One of the benefits of XML is being able to validate a document against an XSD. YAML doesn't have this feature, so how can I validate that the YAML document I open is in the format expected by my application?

See also: stackoverflow.com/questions/45812387/…
– dreftymac
Commented Sep 15, 2017 at 6:02 — dreftymac, Commented Sep 15, 2017 at 6:02

Jack Kelly · Accepted Answer · 2014-03-06 17:14:02Z

66

Given that JSON and YAML are pretty similar beasts, you could make use of JSON-Schema to validate a sizable subset of YAML. Here's a code snippet (you'll need PyYAML and jsonschema installed):

from jsonschema import validate
import yaml

schema = """
type: object
properties:
  testing:
    type: array
    items:
      enum:
        - this
        - is
        - a
        - test
"""

good_instance = """
testing: ['this', 'is', 'a', 'test']
"""

validate(yaml.load(good_instance), yaml.load(schema)) # passes

# Now let's try a bad instance...

bad_instance = """
testing: ['this', 'is', 'a', 'bad', 'test']
"""

validate(yaml.load(bad_instance), yaml.load(schema))

# Fails with:
# ValidationError: 'bad' is not one of ['this', 'is', 'a', 'test']
#
# Failed validating 'enum' in schema['properties']['testing']['items']:
#     {'enum': ['this', 'is', 'a', 'test']}
#
# On instance['testing'][3]:
#     'bad'

One problem with this is that if your schema spans multiple files and you use "$ref" to reference the other files then those other files will need to be JSON, I think.
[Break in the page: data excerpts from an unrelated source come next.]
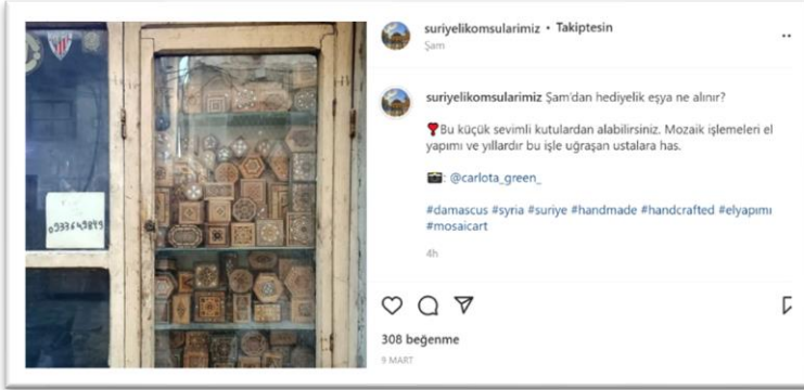
Şekil 7. Geçmişin hatırlanması ve o günlere özlem içeren paylaşım-1

Hendrich (2020) yemeğin ve içeceğin hem bireysel hem toplumsal hatıralara işaret edebileceğini, hem de bireysel hatırlamanın uyarıcısı ve nesnesi olabilir derken başlı başına hatırlamada yemeklerin önemine vurgu yapar.
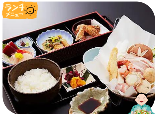
《ご昼食》ちゃんこ霧島: ちゃんこ鍋
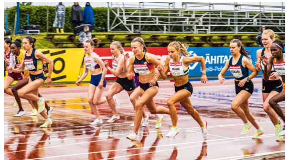
Kuortane Games käytiin viime kesänä kosteissa olosuhteissa. Nyt toivotaan hyviä kesäkeljiä lauantaisiksi 17.6.

Ennakkoliput tarjoaa Live-to: https://events.liveto.io/events/world-athletics-continental-tour-silver-84-kuortane-games-2023
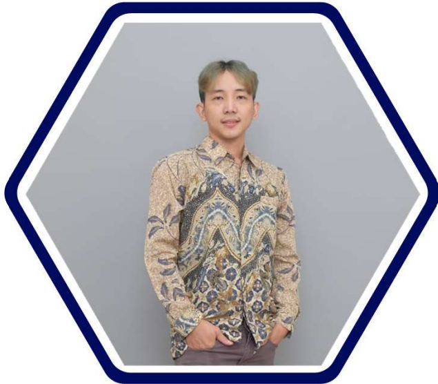
Direktur Utama Yoga Sastra
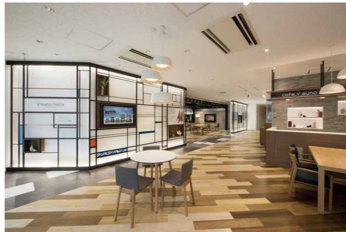
埼玉 ビューノプラザ浦和 ☎ 0120-8746-96 〒330-0063 埼玉県さいたま市浦和区 高砂2-8-3 NTT浦和高砂ビル1階
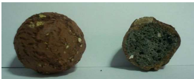
Figure 4 Samples of aggregates available and internal structure of aggregates

Figure 4 ตัวอย่างของก้อนมวลรวมที่พร้อมใช้งาน และโครงสร้างภายในของก้อนตัวอย่างมวลรวม ลักษณะของตัวอย่างที่ผ่านการเผาในอุณหภูมิที่ 1,200 องศา ใช้เวลาในการเผาของดินเหนียว 1 ชั่วโมง 48 นาที ก้อนมวลรวมที่ได้มีน้ำหนักที่เบา ผิวภายนอกแข็ง บางก้อนผิวด้านนอกมีลักษณะเป็นมัน ไม่ละลายน้ำ ภายในก้อนตัวอย่างมีลักษณะเป็นโพรงช่องว่างและมีรูพรุนมาก บางส่วนของมวลรวมสามารถลอยน้ำได้
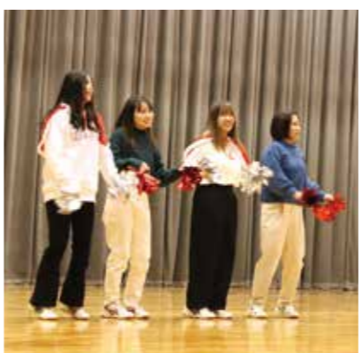
PICK UP 06 体育(ダンス)

この授業では、乳児保育がおこなわれている場の特徴と課題について理解を深めます。特に、3歳未満児の発達と適正な保育についての方法を学びます。

But there are probably ways around that. In my own project, I'm playing with specifying the schema using JSON files whilst the instances are YAML.
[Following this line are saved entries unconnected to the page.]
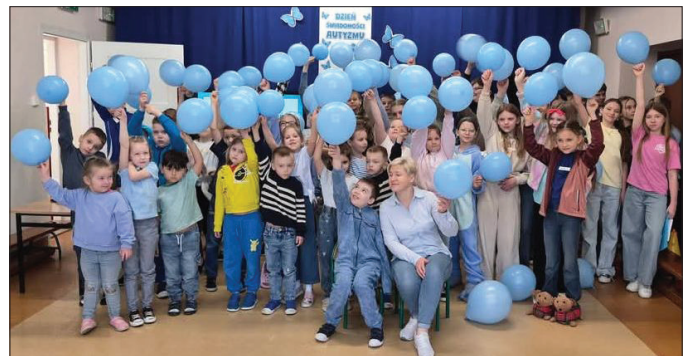
W geście solidarności z osobami w spektrum wszyscy nadmuchali niebieskie balony

Dzień na Opak okazał się świetną okazją do wspólnej zabawy, integracji i wyrażenia siebie. Takie inicjatywy sprawiają, że szkoła staje się miejscem jeszcze bardziej przyjaznym i pełnym radości.
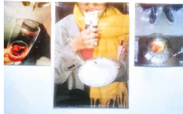
Montaje. Algunas fotografías expuestas en la Galería Christian Valbert de la Alianza Francesa.

El Concurso de Música Clásica Bolivia 2024 cuenta con el apoyo de diversas instituciones y con el entusiasmo del público se espera que este evento siga siendo una plataforma clave para el desarrollo artístico en la región.
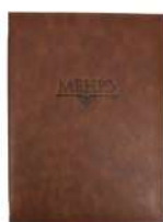
Папка для меню пмпи113 250x320 мм
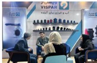
• نمایشگاه ساختمان مشهد / ۱۴۰۲
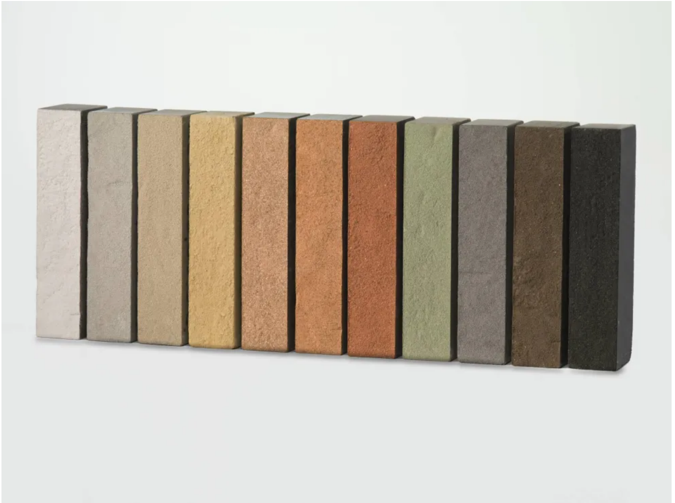
Pirrouet®: Mit elf Farben nachhaltig am Start

Aus der Serie Fassade: Verblender / Vormauerziegel / Klinker von Vandersanden

answered Mar 6, 2014 at 17:14

Jack Kelly

2,5342 gold badges24 silver badges35 bronze badges

2

plus one (because SE doesn't like "+1"): jsonschema is storage-format-agnostic so it will work with input and schemas of any type as long as they deserialize to a Python object.
– Jason S
Commented Jan 5, 2015 at 18:02
9

...but I suggest you use safe_load rather than load.
– Jason S
Commented Jan 5, 2015 at 18:03
5

I built a website to track tooling support for to using JSON Schema with YAML. Currently, there is editor support in Visual Studio Code (via extension) and a command-line validation tool.
– vossad01
Commented Jun 30, 2017 at 1:53
What's the point of using a schema anyway? I mean if the yaml has to be the exact text, it's kind of useless.
– Thomas
Commented Dec 1, 2020 at 17:04
1

@Thomas an example: a user enters an integer to a config yaml file where instead a float is expected, then the application may start to behave unexpectedly. Just an example.
– bonobo
Commented Oct 28, 2022 at 9:19

| Show 2 more comments

Stabledog · Accepted Answer · 2020-12-03 13:38:36Z

I find Cerberus to be very reliable with great documentation and straightforward to use.
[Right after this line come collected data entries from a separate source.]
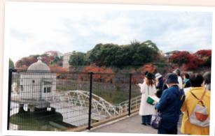
作品中で主人公たちの住む防空壕があった二テコ池

第2地区「平和を考える会」が、西宮を舞台とした作品「火垂るの墓」ゆかりの地や、市内の戦跡を巡るスタンプラリーを開催。「長く住んでも知らない戦跡があった」と家族で参加した人や、遠方からの参加者も。「ウクライナ情勢に思いをはせた」「平和の大切さを実感した」などの感想が聞かれました。(行本)
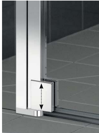
Funktionelle Feinheit: der feinjustierbare Hebe-Senk-Mechanismus der Pendelflügel für seidenweichen Türlauf und sanften Türschluss.
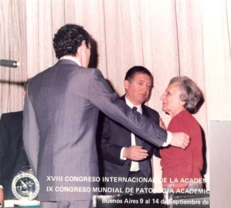
XVIII CONGRESO INTERNACIONAL DE LA ACADEMIA INT. DE PATOLOGIA IX CONGRESO MUNDIAL DE PATOLOGIA ACADEMICA Y MEDIO AMBIENTE Buenos Aires 9 al 14 de Septiembre de 1990
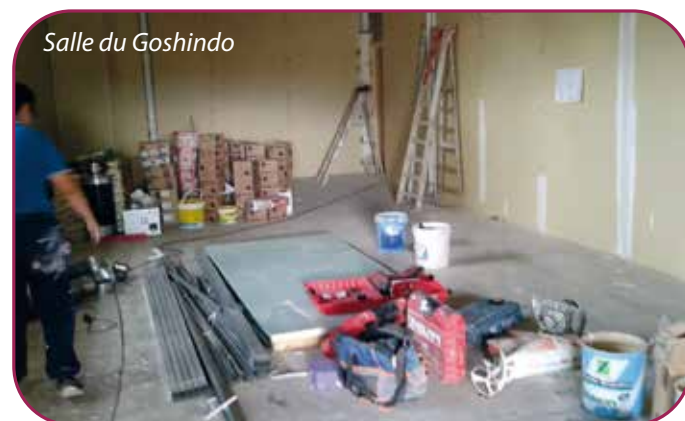
Salle du Goshindo

Dans l'enceinte du groupe scolaire de Côte-Quart, la salle qui sert à l'association Goshindo également utilisée par l'école dans le cadre d'activités diverses et des T.A.P a été rénovée. Du sol au plafond en passant par la lumière et le chauffage, l'ensemble des locaux a été remis à neuf pour le plus grand plaisir des différents utilisateurs.
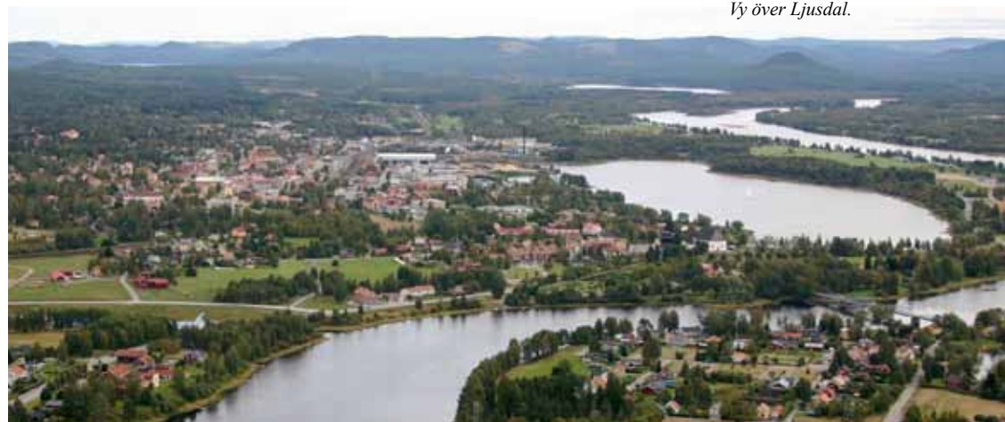
Vy över Ljusdal.

Att maten är bra vet vi genom allt beröm vi får. Den mat som serveras hos oss lagas också på skolan, vilket är viktigt för att kunna hålla den standard vi vill ha. De flesta dagar jobbar hotell- och restaurangeleverna i storköket med tillagning av maten. Det ingår som ett led i deras utbildning.

Here is a basic implementation example:

my_yaml.yaml:

name: 'my_name'
date: 2017-10-01
metrics:
    percentage:
    value: 87
    trend: stable

Defining the validation schema in schema.py:

{
    'name': {
        'required': True,
        'type': 'string'
    },
    'date': {
        'required': True,
        'type': 'date'
    },
    'metrics': {
        'required': True,
        'type': 'dict',
        'schema': {
            'percentage': {
                'required': True,
                'type': 'dict',
                'schema': {
                    'value': {
                        'required': True,
                        'type': 'number',
                        'min': 0,
                        'max': 100
                    },
                    'trend': {
                        'type': 'string',
                        'nullable': True,
                        'regex': '^(?i)(down|equal|up)$'
                    }
                }
            }
        }
    }
}

Using the PyYaml to load a yaml document:

import yaml
def load_doc():
    with open('./my_yaml.yaml', 'r') as stream:
        try:
            return yaml.load(stream)
        except yaml.YAMLError as exception:
            raise exception

## Now, validating the yaml file is straightforward:
from cerberus import Validator
schema = eval(open('./schema.py', 'r').read())
    v = Validator(schema)
    doc = load_doc()
    print(v.validate(doc, schema))
    print(v.errors)

Keep in mind that Cerberus is an agnostic data validation tool, which means that it can support formats other than YAML, such as JSON, XML and so on.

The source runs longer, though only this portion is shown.